(Beginning of Source material)

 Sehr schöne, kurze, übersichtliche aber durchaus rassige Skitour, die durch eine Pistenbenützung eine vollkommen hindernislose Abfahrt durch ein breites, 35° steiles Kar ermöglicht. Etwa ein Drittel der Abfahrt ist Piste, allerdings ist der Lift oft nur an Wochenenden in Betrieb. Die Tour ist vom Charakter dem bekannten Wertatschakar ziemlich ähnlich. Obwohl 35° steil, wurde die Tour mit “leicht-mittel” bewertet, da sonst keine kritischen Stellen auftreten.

(End of Source material)
(Beginning of Source material)

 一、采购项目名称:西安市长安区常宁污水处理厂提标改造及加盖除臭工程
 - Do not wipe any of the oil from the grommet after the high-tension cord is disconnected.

(End of Source material)

* What to do
In the listing above, find the line with "一、采购项目名称:西安市长安区常宁污水处理厂提标改造及加盖除臭工程" and the line with "- Do not wipe"; set down exactly those two lines and every line between them, nothing more.

* Exercise output
 一、采购项目名称:西安市长安区常宁污水处理厂提标改造及加盖除臭工程
 - Do not wipe any of the oil from the grommet after the high-tension cord is disconnected.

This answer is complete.